[Supplied information]:
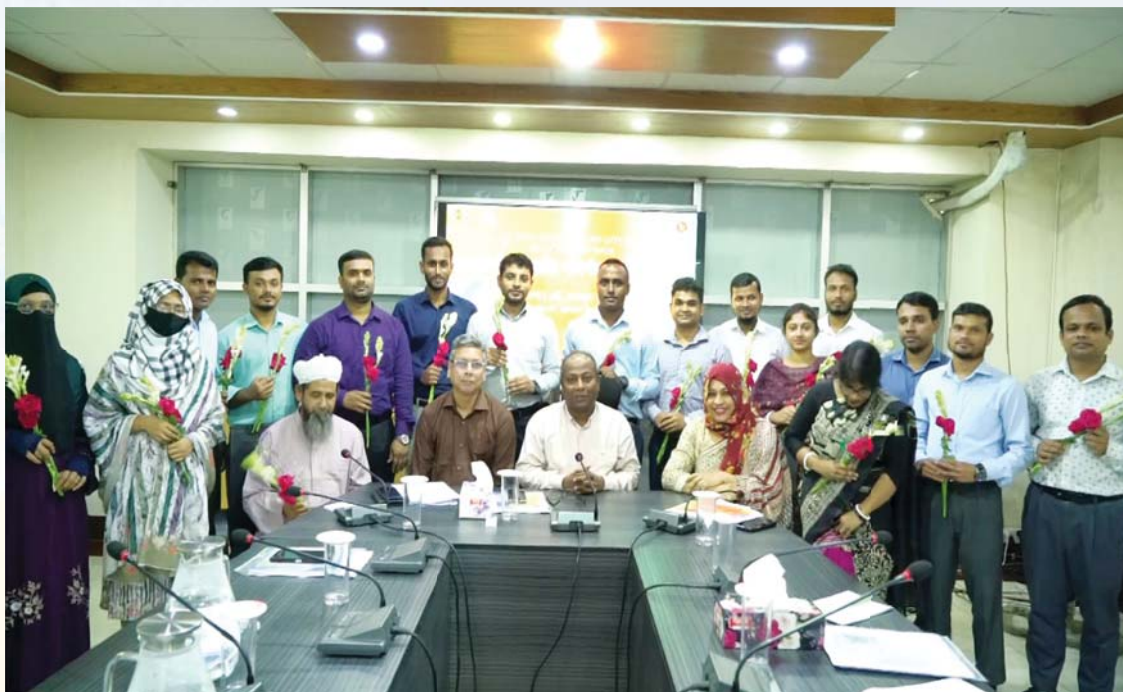
A total of 18 newly recruited employees from grades 13 - 20 of the Ministry of Information and Broadcasting visited Bangladesh Film Archive as a part of their orientation programme, 13 August 2025.
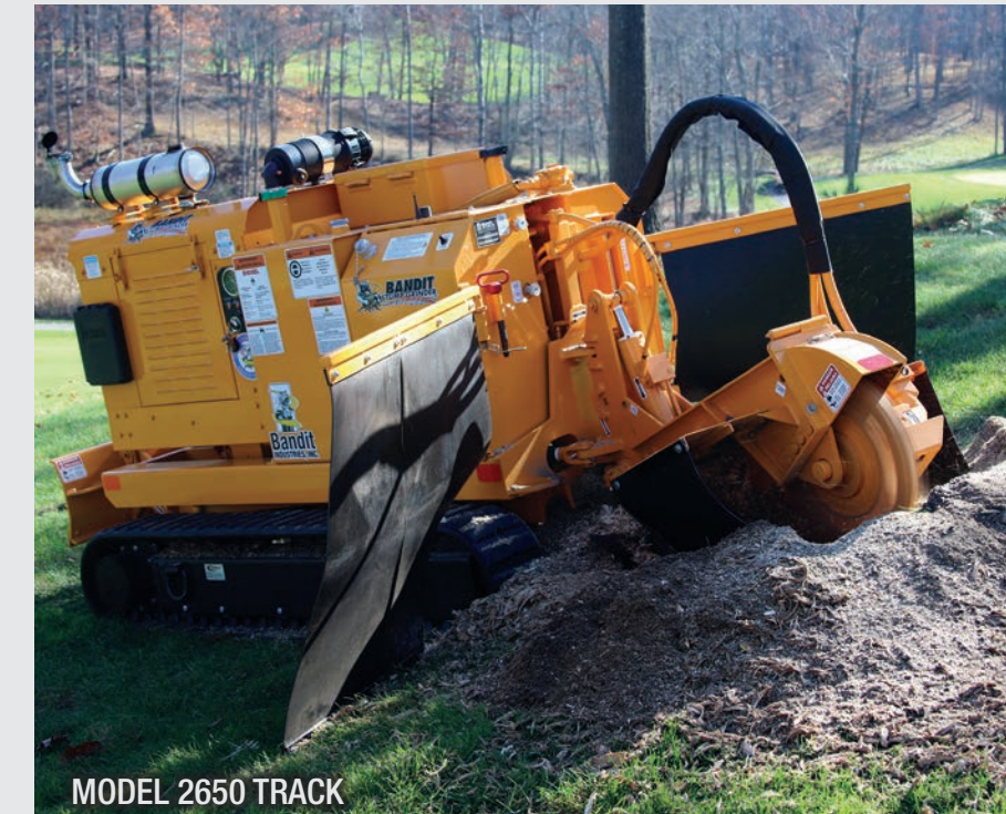
MODEL 2650 TRACK

Available with a 122-HP Tier 4 diesel, 165-HP gas V8 power and belt drive, the Model 3100 is high-production, cost-effective stump grinding powerhouse.

[Instructions to follow]:
Each line of the listing above should be retyped exactly, with no pictures.

[Your response]:
A total of 18 newly recruited employees from grades 13 - 20 of the Ministry of Information and Broadcasting visited Bangladesh Film Archive as a part of their orientation programme, 13 August 2025.
MODEL 2650 TRACK

Available with a 122-HP Tier 4 diesel, 165-HP gas V8 power and belt drive, the Model 3100 is high-production, cost-effective stump grinding powerhouse.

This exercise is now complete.